The live online music company MelodyVR announced on Aug. 21 that it was acquiring the music streaming company Napster for $70 million. Yes, that Napster. The same one that, if you are of a certain age, you might have used to download music illegally at the turn of the millennium. It’s business model morphed over the years, but the Napster brand has never actually died. Today, it is a music streaming service with 3 million users.

The original version of Napster burned brightly and briefly. It was created in June 1999 by the brothers Shawn and John Fanning, and founded as a business by Shawn and his friend Sean Parker, later the first president of Facebook. At the time, sharing MP3 files was challenging; the brothers thought they could make sharing a lot easier by giving people access to other users’ hard drives through a peer-to-peer file sharing software.

Napster’s software worked and the application became a global sensation. Never before had people had access to so much free music. Though far fewer people were online in 2000, at its zenith, Napster still had about 70 million users globally (by comparison, Spotify has about 290 million today, after 14 years in operation). Napster gave users access to more than 4 million songs; at some universities, traffic from Napster accounted for about half the total bandwidth.

In 2001, the Recording Industry Association of America, the trade group for the US music industry, sued Napster for facilitating the illegal transfer of copyrighted music. A US court found Napster guilty and told the company that unless it was able to stop that activity on its site, it would have to shut down. Napster couldn’t comply. In June of that year, the company shuttered. Though the original Napster was no more, the software revolutionized the music industry, leading consumers to believe they should have access to whatever music they wanted whenever they wanted, which ultimately led to the rise of subscription streaming apps like Spotify.

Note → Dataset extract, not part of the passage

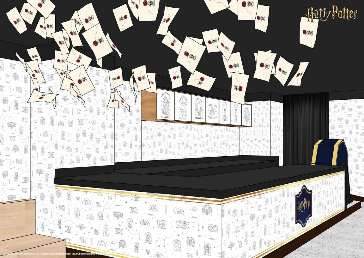 沿著動線走入「入學通知區」,天花板飛舞的霍格華茲錄取通知信讓場景浪漫又夢幻。最終來到以霍格華茲大餐廳為靈感設計的「學生餐廳區」,金色燭光、拱形天花與長桌椅讓人忍不住駐足拍照。整體六大場景氣勢十足,走一圈彷彿重返霍格華茲校園。

It’s been quite a wild ride for the Napster brand since then. After the shutdown, Napster’s brand and logo were acquired by the software maker Roxio at bankruptcy proceeding in 2002. Roxio used the Napster name for their own fledgling streaming service, which was later sold to electronics company Best Buy, who then sold the service to streaming company Rhapsody International. Rhapsody build Napster into a viable streaming company, with $106 million in revenues in 2019.

MelodyVR’s CEO told Rolling Stone that purchasing the current version of Napster will give the company a chance to compete against Spotify and Apple Music in the music streaming space. Founded in 2018, MelodyVR works with musicians and concert promoter Live Nation to stream concerts that can be watched on virtual reality headsets on phones. The British startup lost over $21 million in 2019, but downloads of its app are 10 times higher this year than last, according to the company. By combining Napster’s music streaming services with its original concert content, MelodyVR may be able to offer a different product than the music streaming giants. At the very least, the Napster name will connect their service with digital music history.